The Pir or Sufi Saint in Pakistani Islam

Author: 
Ewing, Katherine Pratt
Year: 
1980

     This study examines the place of the pir in Pakistani Islam in order to discover the range of meanings associated with this concept. It focuses on the problems individual Pakistani Muslims see themselves facing and on how many Pakistani Muslims think pirs can solve these problems. . . . People in various positions in society understand and define their central concerns in different ways, and their ideas of what a pir is and what he can do vary accordingly. Nevertheless, examination of a range of beliefs and practices, from those of fundamentalist reforms to those of unorthodox beggars who reject Islamic law completely, suggests that the authority of the pir which is revealed in the pattern of interaction between pirs and their followers may form a paradigm for relations that is shared by most Pakistanis."

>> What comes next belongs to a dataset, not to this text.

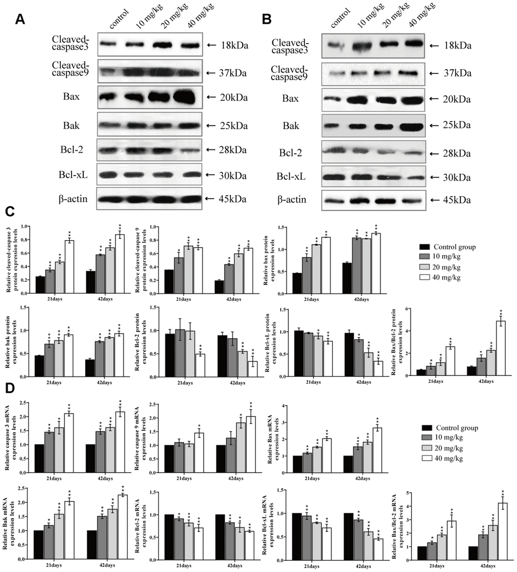 It has been known that ROS and oxidative stress play important roles in the early stages of apoptosis [68]. Next, we explored whether, or not, apoptosis was also involved in the mechanism of CuSO4-cuased toxicology in the lung. After CuSO4 treatment, the results indicated that the percentage of apoptosis was increased in the CuSO4-treated groups at 21 and 42 days. Apoptosis is a process controlled by multiple genes, such as bcl-2 family and caspase family, which are conserved among species [69]. As a group of important apoptotic regulators, the bcl-2 family can indirectly regulate caspases in relevant apoptotic pathways [70, 71]. Results in the present study showed that CuSO4 could cause a significant decrease in the protein expression levels and mRNA expression levels of anti-apoptotic proteins (Bcl-2 and Bcl-xL), while the protein and mRNA expression levels of pro-apoptotic proteins (Bax and Bak) were significantly increased in the lung. Hsien et al. (2008) has also observed that Cu-induced apoptosis was accompanied by the increased Bax and Bak expression levels and a decreased Bcl-2 expression level in neuroblastoma cells [72]. We also observed an increased Bax/Bcl-2 ratio in this research. Lee et al. (2008) has indicated that the increase of the ratio between Bax and Bcl-2 is the key point in the occurrence of apoptosis [73]. This increased Bax/Bcl-2 ratio leads to changes in mitochondrial membrane permeability and the release of apoptotic proteins, such as Cyt c [74]. In addition, excessive ROS production with decreasing concomitant in GSH contents also leads to mitochondrial membrane permeability and induction of apoptotic cell death in cultured cells [75]. Cyt c can cleave and activate caspase-9, which then activates downstream caspase-3 and cell apoptosis [76]. In this study, CuSO4 increased mRNA expression levels of caspase-9 and -3 and protein expression levels of cleaved-caspase-9 and -3, which contributed to apoptotic occurrence. The reports have also found that apoptosis is caused by copper-induced ROS formation in MCF7 cells [77], rat liver [78], and chicken intestine [79]. In summary, the present study was the first in which CuSO4-induced apoptosis was observed in the lung, and this was accompanied by decreasing Bcl-2, Bcl-xL mRNA expression levels and protein expression levels, and increasing Bax, Bak, caspase-3, and caspase-9 mRNA expression levels and protein expression levels, and the Bax/Bcl-2 ratio.

     I briefly summarize the history of sufism. This summary is intended to provide background on the development of a cosmology in which the pir holds a central place as a channel of authority in a spiritual hierarchy with God at its apex. . . . I am particularly concerned here with the emergence in the sufi tradition of a distinction between an 'inner' circle of disciples and an 'outer' circle of lay followers." The next three chapters "discuss various aspects of the personal relationship of the pir with his followers. The focus is on the importance of the pir in everyday life: how the pir mediates family relationships and even the inner states and emotions of the individual in his capacities as spiritual guide and curer. The examination of the pir's relationships with his followers reveals concepts of person and of authority relationships between persons that exist in both the structure of religious symbols and in everyday patterns of behavior." Topics discussed here include "the significance of the pir for the 'outer' circle of lay followers in Pakistan"; "the ways in which the pir treats those followers who come to him with complaints of illness"; and "the use of dreams in the relationship of pirs and their followers." Next, "I examine some of the variations in the significance of the pir for those in different social positions, considering the kinds of authority and power these actors attribute to themselves and to others." The following chapter "deals with variation in the significance of the pir from a rather different perspective. I consider here variations in the beliefs and actions of pirs and their inner circle of disciples." "Finally, . . . I examine some of the conscious efforts that have been made in Pakistan to create new patterns of authority and new responsibilities for the individual. Each of these efforts involves a redefinition or rejection of the pir as a symbol of authority." This includes "a survey of several religious reform movements that have been influential in the Punjab in the recent past" as well as an examination of "government efforts to change the traditional system of pirs and shrines."
     The fieldwork on which this study is based was conducted primarily in Lahore, the major city of Pakistani Punjab, from November 1975 through April 1977.